А Николай Жуков со свойственной ему доброжелательной экспансивностью вскричал:
– Пиши! Ей-богу, пиши. Буду иллюстрировать.
Он сам так загорелся этой темой, что по утрам вместо «здравствуй» спрашивал: «Ну как, пишешь о летчике? Нет? Эх, ты, тоже мне, наобещал сорок бочек арестантов».
3. Правда, только правда, ничего, кроме правды
Перед Трибуналом уже прошла длинная вереница свидетелей, граждан разных государств, людей разных профессий, разного интеллектуального уровня. Из их показаний, часто простых, бесхитростных, лицо нацизма вырисовывается даже выпуклее и ярче, чем из документов, которые продолжают ложиться на стол судей.
Летопись процесса была бы неполной, если не представить вереницу свидетелей. Расскажу хотя бы о тех, которые вызывало советское обвинение и записи о которых сохранились в моих блокнотах.

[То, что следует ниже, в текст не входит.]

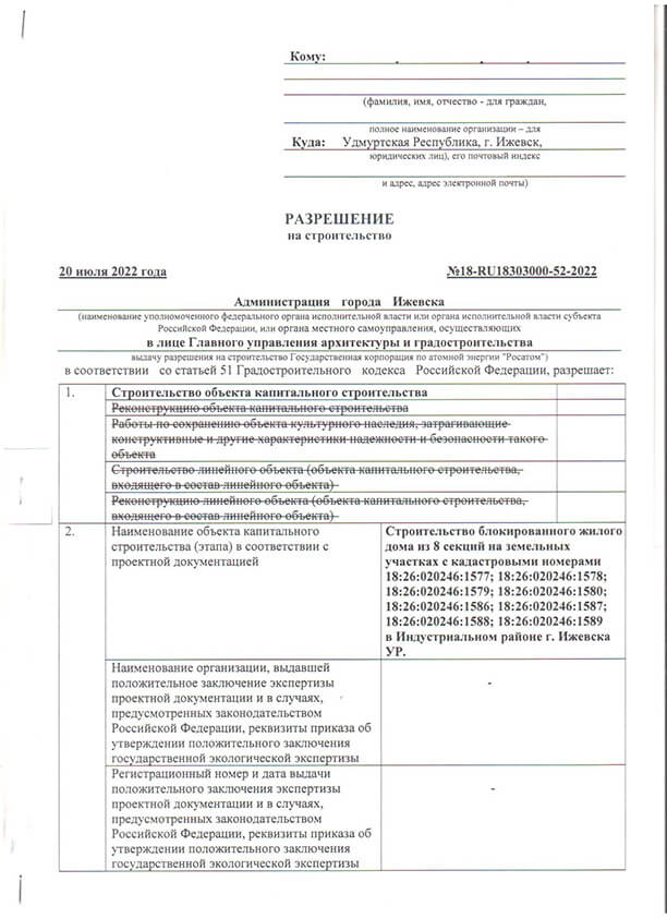 Получено разрешение на строительство блокированного жилого дома состоящего из 8-ми секций в Индустриальном районе города Ижевска!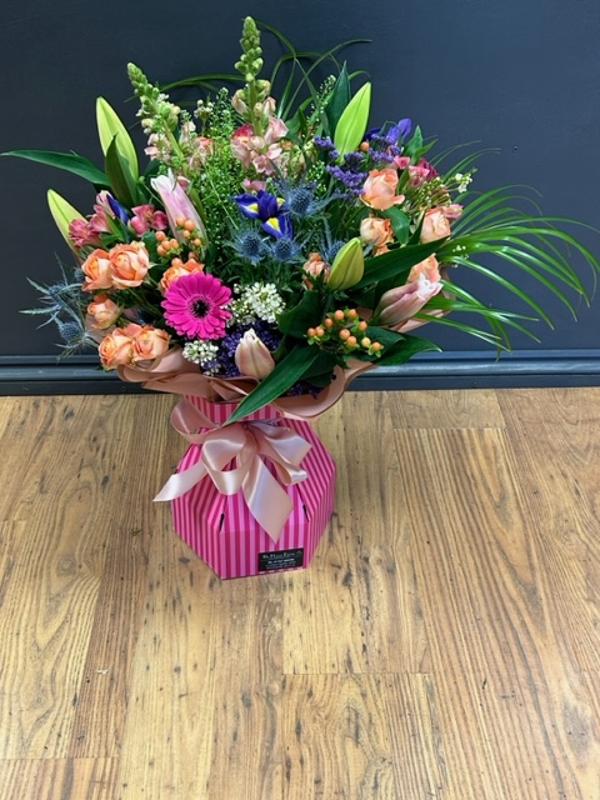 we will then gift wrap them and place in one of our large luxury box vases ready to enjoy

Вот по ходатайству советского прокурора лорд Лоренс вызывает на трибуну русского крестьянина из деревни Кузнецово Порховского района Псковской области. С медленной, я бы сказал, с величественной неторопливостью проходит свидетель через зал, поднимается на свидетельскую трибуну. Настает тишина. Суд уже много слышал о том, как немецкая армия хладнокровно разрушала Варшаву, Новгород, Псков, сотни городов, тысячи селений, превращая порою в «мертвые зоны» целые районы. Все это уже есть в протоколе суда.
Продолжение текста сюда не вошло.